América (épisode 1), Jason Pearson & Alé Garza & Jon Hughes

Il se peut que je vous étonne un peu avec mon coup de coeur du jour !  Mais je dois dire que grâce à mon garçon (13 ans,) je baigne dans l’univers des super héros depuis longtemps. La semaine dernière, nous étions d’ailleurs au rendez-vous pour la sortie au cinéma du deuxième épisode des Indestructibles. Ce qui arrive à America, dans le tout premier épisode de cette série que je vous présente aujourd’hui, a quelques liens avec le thème de ce deuxième opus, car elle met sans conteste le féminin à l’honneur. Mais loin d’être devenue la meilleure super héroine du moment, America a perdu elle, de manière complètement étonnante, et depuis peu, tout pouvoir d’indestructibilité. America travaille pour HeroCorp, une entreprise de super héros, et ce depuis dix ans, elle n’a donc pas l’intention d’arrêter ses activités. D’ailleurs, la voici toujours sur la brèche, et devenue accroc à cette nouvelle sensation jusque alors inconnue d’elle : la douleur. Ses employeurs ne sont pas chauds de la laisser travailler ainsi, et son contrat d’assurance est ainsi rompu quand elle refuse de porter la nouvelle combinaison qu’on lui a fabriquée. Mais America ne s’en laisse pas compter et démontre qu’elle reste malgré ses nouvelles failles une super héroïne.
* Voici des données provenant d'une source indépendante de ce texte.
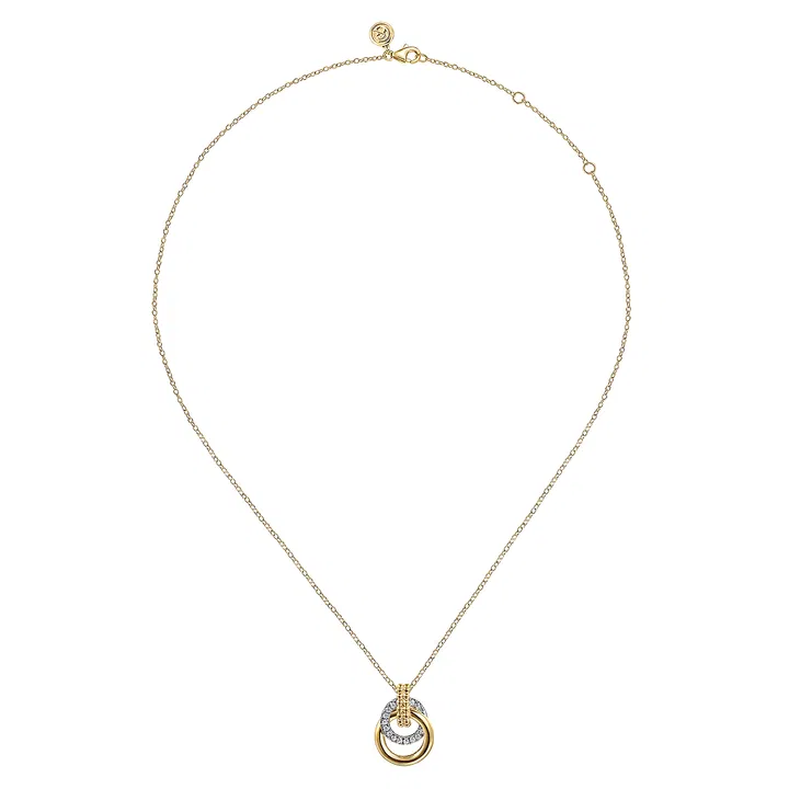 14K Two Tone Gold Bujukan Diamond Circle Pendant Necklace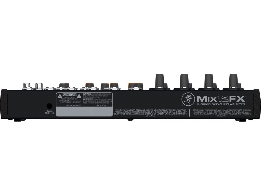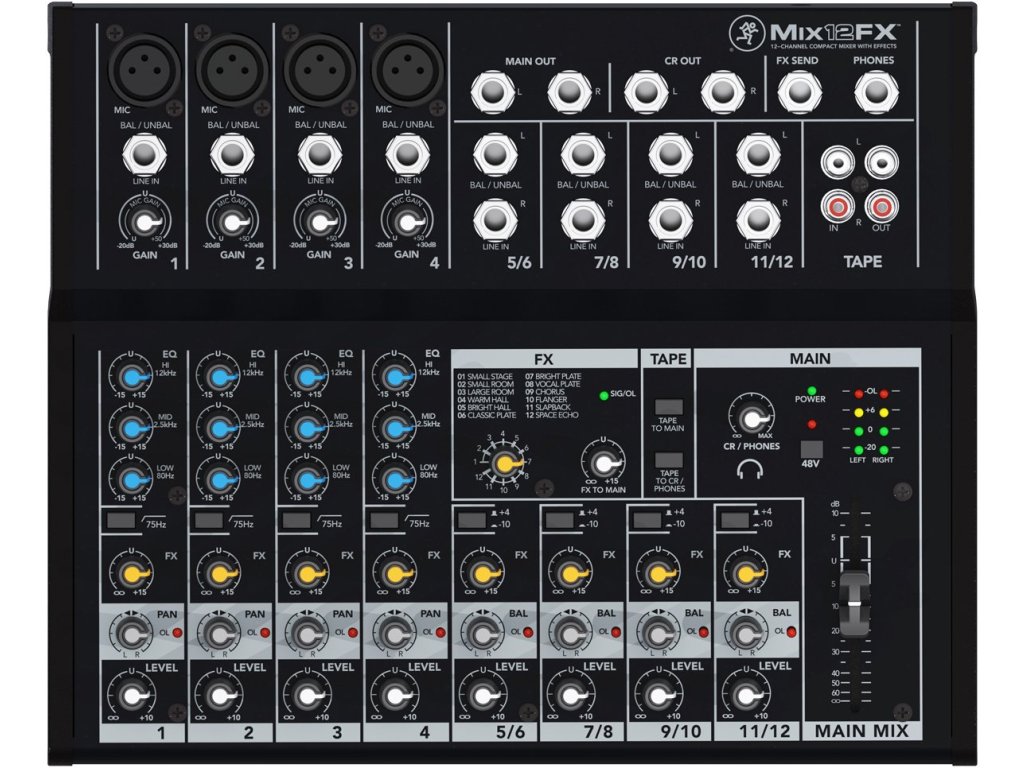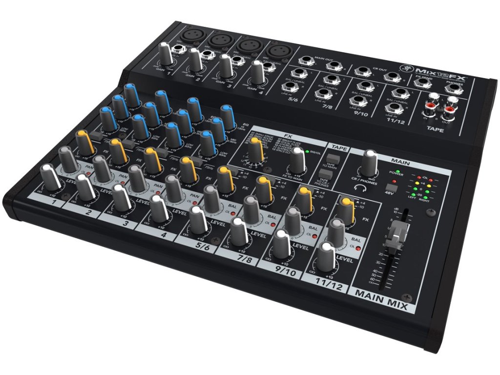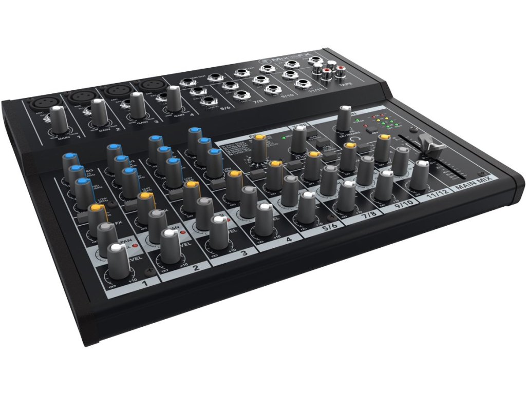 Mackie – Mix12FX to 12-kanałowy kompaktowy mikser z efektami. Wyposażony w stereofoniczne wejścia/wyjścia RCA do odtwarzania i nagrywania, 4 wejścia mikrofonowo-liniowe o studyjnej jakości, 4 stereofoniczne wejścia liniowe, 3-pasmowy korektor, wysyłkę aux ze stereofonicznymi powrotami 1/4”, 12 zintegrowanych efektów, w tym reverb, chorus, delay, wskaźniki Pan, Level i overload, zasilanie phantom, 60mm suwak dla głównych wyjść L/R. Kompaktowa i przenośna konstrukcja oraz solidna budowa.

Personnellement, j’ai beaucoup aimé dans ce premier épisode, les dialogues savoureux et percutants écrits par Jon Hughes, le créateur d’Overground Comics. Les dessins de Jason Pearson et Alé Garza sont également très beaux, et d’une violence esthétique plutôt sobre. Ils ont su donner au corps de la jeune Bernadette Callaway, force et fragilité. Ce sont d’ailleurs les plus belles planches de l’album, celles où l’on découvre le corps de le jeune femme, belle, rebelle, mais blessée. J’ai hâte de suivre la suite des aventures de cette héroïne attachante qui découvre soudain ce qu’être devenue mortelle signifie. Et j’aime sortir aussi qualitativement de ma zone de confort.